Money Market or Market Returns…Sh​ould You Know??

For those in your fifties or sixties, think back to your first job when you entered the work force.  I still remember how ecstatic I was when I landed that summer job at an amusement park that paid me $1.50 per hour.  Back in 1980, the minimum wage was pegged at $3.10 per hour.  So, if you were earning $20,000 per year, chances are you were really living quite well.

Can you live on that kind of income now?  I would venture a guess that your income, from all sources, is now a lot higher than that.  So why can’t you live on an annual income stream of $20,000 today?  The answer is quite simple.  It is the ravishing effect of inflation.  Inflation means loss of purchasing power.  It creeps up on you year after year after year.  How about those of you who are now in your twenties or thirties?  Perhaps you think you are earning a good income.  The same thing will happen to you.  Just a little bit of annual inflation can erode the purchasing power of that salary, just as it did to your parents and grandparents.
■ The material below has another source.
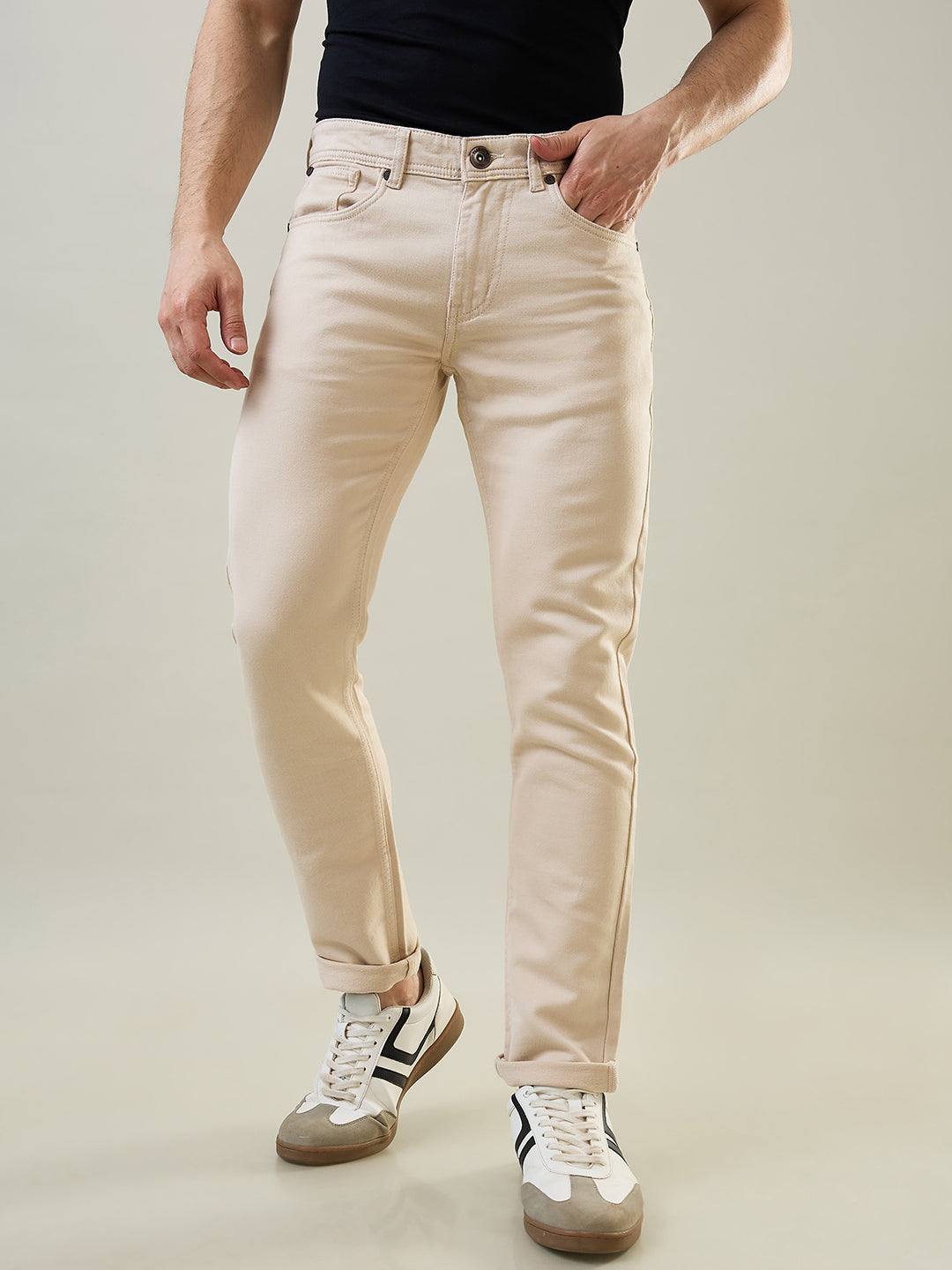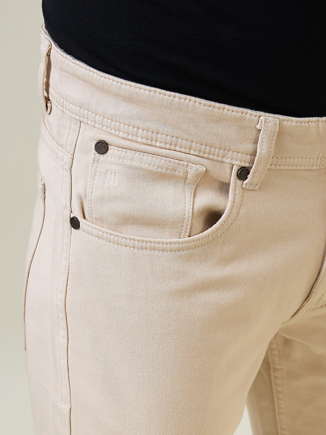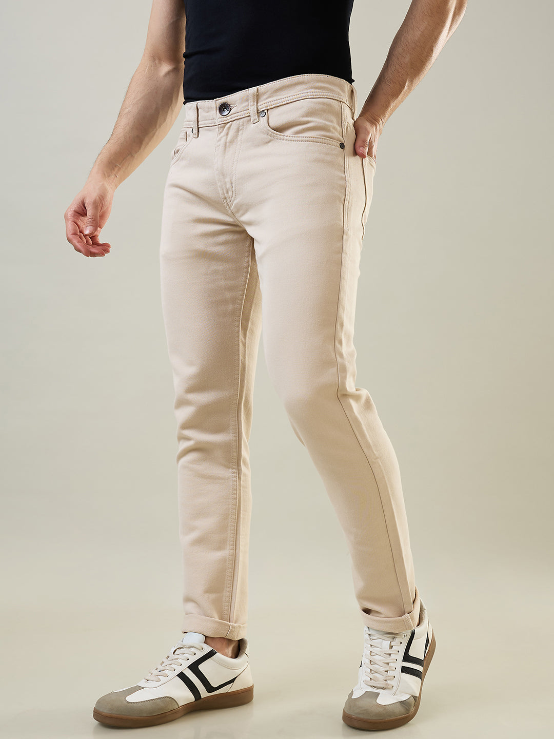 Refresh your wardrobe with the Tim Paris Cream Reactive Jeans. These jeans are crafted from a blend of 98% cotton and 2% stretch, providing a sleek and comfortable fit. The slim tapered design enhances your silhouette, making them the perfect choice for modern, stylish looks.

Just wait and see!

A survey commissioned recently by Bankrate.com, asked, “For money that you wouldn’t need for at least 10 years, what do you think is the best way to invest it?”  The 5 most preferred long term investments, according to the survey were:

Cash:                           26%

Real Estate:                 23%

Metals:                        16%

Stocks:                         14%

Bonds:                           8%

I find it disturbing that the top answer, given by more than 1 in 4 Americans, was CASH.  Cash is defined as money markets, savings accounts, and CDs.  With the average money market mutual fund, according to Bankrate, now yielding .01% and the average 5 year Bank CD at just .78%, investing into cash devastates purchasing power, as today’s inflation rates hover between 2% and 3% annually, and historically inflation is higher, hovering closer to 4% plus.
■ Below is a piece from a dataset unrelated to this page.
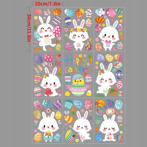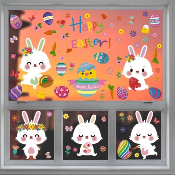 самоклеящаяся оконная декорация, многоразовая с кроликом, узором пасхальных яиц,

Greg McBride, of Bankrate.com, notes that “A loss of buying power is just as damaging as a loss of principal.” Is there a time when you should hold money in cash?

Yes there is.  How much should be in cash depends on your personal circumstances.  Factors to consider include your age, short term goals, your employment status, years until your planned retirement, your current income from all sources, your present and planned asset allocation, emergency fund requirements, and so forth.
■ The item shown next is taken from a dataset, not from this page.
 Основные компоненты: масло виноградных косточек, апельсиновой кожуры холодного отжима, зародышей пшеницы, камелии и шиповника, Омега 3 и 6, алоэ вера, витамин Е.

Unlike what you may hear from radio and television pundits, there is no one size fits all.  Often I hear that six months of income is the right amount.  In reality, that is not necessarily the case.

Everyone has a different set of personal circumstances to consider. A properly trained Financial Coach/Advisor can help you ascertain what is right for you. One thing is for sure, according to Bankrate.com, “If you combine the anemic rate at which people save and the low returns from cash investments, it threatens to leave millions well short of where they need to be for long-term goals, such as retirement and college education.”